Art. 328-A. Nos casos previstos no art. 543-B, caput, do Código de Processo Civil, o Tribunal de origem não emitirá juízo de admissibilidade sobre os recursos extraordinários já sobrestados, nem sobre os que venham a ser interpostos, até que o Supremo Tribunal Federal decida os que tenham sido selecionados nos termos do § 1º daquele artigo.

§1º Nos casos anteriores, o Tribunal de origem sobrestará os agravos de instrumento contra decisões que não tenham admitido os recursos extraordinários, julgando-os prejudicados nas hipóteses do art. 543-B, § 2º, e, quando coincidente o teor dos julgamentos, § 3º.

§2º Julgado o mérito do recurso extraordinário em sentido contrário ao dos acórdãos recorridos, o Tribunal de origem remeterá ao Supremo Tribunal Federal os agravos em que não se retratar.

Fixadas essas premissas normativas, voltemos a tratar sobre a matéria de fundo, ou seja, a necessidade de motivação do ato demissional praticado por pessoas jurídicas integrantes da Administração Pública Indireta.

Em que pese o fundo constitucional da matéria, o fato é que o C. Tribunal Superior do Trabalho mantém, há anos, o seguinte entendimento:

Orientação Jurisprudencial nº 247. SERVIDOR PÚBLICO. CELETISTA CONCURSADO. DESPEDIDA IMOTIVADA. EMPRESA PÚBLICA OU SOCIEDADE DE ECONOMIA MISTA. POSSIBILIDADE (alterada – Res. nº 143/2007) - DJ 13.11.2007

I - A despedida de empregados de empresa pública e de sociedade de economia mista, mesmo admitidos por concurso público, independe de ato motivado para sua validade;

II - A validade do ato de despedida do empregado da Empresa Brasileira de Correios e Telégrafos (ECT) está condicionada à motivação, por gozar a empresa do mesmo tratamento destinado à Fazenda Pública em relação à imunidade tributária e à execução por precatório, além das prerrogativas de foro, prazos e custas processuais.

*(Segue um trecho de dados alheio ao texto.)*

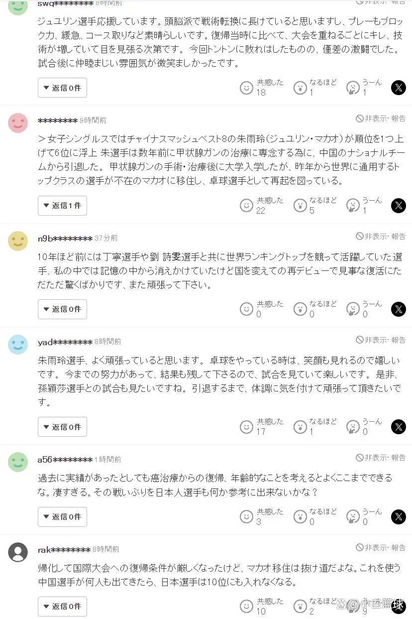 评论区很多日本球迷在祝贺朱雨玲,也有对日乒前景不看好的声音:

A anterior redação da mesma orientação jurisprudencial, assim preconizava:

247. Servidor público. Celetista concursado. Despedida imotivada. Empresa pública ou sociedade de economia mista. Possibilidade. 

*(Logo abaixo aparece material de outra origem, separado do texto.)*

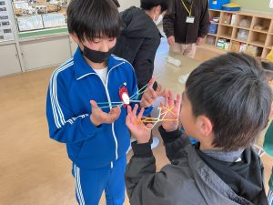 子どもたちは、優しく教えていただきながら夢中になって取り組み、笑顔あふれる温かい時間となりました。地域の皆さまとの触れ合いを通して、伝統的な遊びの楽しさや交流の大切さを感じることができました。

* Histórico: Redação original - Inserida em 20.06.2001

Destarte, vê-se que a redação anterior, datada de 2001, já previa a plena possibilidade de dispensa imotivada de empregados de empresas públicas ou sociedades de economia mista, ainda que admitidos por concurso público.

O que ocorreu foi a superveniência de julgados, aqui se destacando o julgamento pelo STF do RE nº 220.906 da ECT, publicado nos idos de 2002, conferindo-lhe direitos e privilégios típicos da Fazenda Pública, a saber:

EMENTA: RECURSO EXTRAORDINÁRIO. CONSTITUCIONAL. EMPRESA BRASILEIRA DE CORREIOS E TELÉGRAFOS. impenhorabilidade DE SEUS BENS, RENDAS E SERVIÇOS. RECEPÇÃO DO ARTIGO 12 DO DECRETO-LEI Nº 509/69. EXECUÇÃO.OBSERVÂNCIA DO REGIME DE PRECATÓRIO. APLICAÇÃO DO ARTIGO 100 DA CONSTITUIÇÃO FEDERAL. 1. À empresa Brasileira de Correios e Telégrafos, pessoa jurídica equiparada à Fazenda Pública, é aplicável o privilégio da impenhorabilidade de seus bens, rendas e serviços. Recepção do artigo 12 do Decreto-lei nº 509/69 e não-incidência da restrição contida no artigo 173, § 1º, da Constituição Federal, que submete a empresa pública, a sociedade de economia mista e outras entidades que explorem atividade econômica ao regime próprio das empresas privadas, inclusive quanto às obrigações trabalhistas e tributárias. 2. Empresa pública que não exerce atividade econômica e presta serviço público da competência da União Federal e por ela mantido. Execução. Observ ância ao regime de precatório, sob pena de vulneração do disposto no artigo 100 da Constituição Federal. Recurso extraordinário conhecido e provido.(RE 220906, Relator(a): Min. MAURÍCIO CORRÊA, Tribunal Pleno, julgado em 16/11/2000, DJ 14-11-2002 PP-00015 EMENT VOL-02091-03 PP-00430)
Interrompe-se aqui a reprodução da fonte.